Problem statement:
From the entries below, copy exactly the lines from the one that contains "Poster Levendige pauwenveren" through the one that contains "Zahra Channel Tufted", both included, and only those.

Input:
Content starts

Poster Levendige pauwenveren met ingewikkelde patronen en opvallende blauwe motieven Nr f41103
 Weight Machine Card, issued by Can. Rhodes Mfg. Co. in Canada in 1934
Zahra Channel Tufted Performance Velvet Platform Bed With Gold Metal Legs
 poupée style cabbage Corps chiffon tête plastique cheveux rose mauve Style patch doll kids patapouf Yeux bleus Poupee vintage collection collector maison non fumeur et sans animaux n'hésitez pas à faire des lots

Content ends
Content starts

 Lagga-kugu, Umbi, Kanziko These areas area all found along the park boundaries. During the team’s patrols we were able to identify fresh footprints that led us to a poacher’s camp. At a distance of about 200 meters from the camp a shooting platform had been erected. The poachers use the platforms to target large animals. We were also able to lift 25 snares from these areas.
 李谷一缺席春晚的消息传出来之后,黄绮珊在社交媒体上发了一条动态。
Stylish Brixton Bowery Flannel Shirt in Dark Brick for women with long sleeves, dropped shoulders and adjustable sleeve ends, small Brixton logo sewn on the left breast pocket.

Content ends

Expected output:
Poster Levendige pauwenveren met ingewikkelde patronen en opvallende blauwe motieven Nr f41103
 Weight Machine Card, issued by Can. Rhodes Mfg. Co. in Canada in 1934
Zahra Channel Tufted Performance Velvet Platform Bed With Gold Metal Legs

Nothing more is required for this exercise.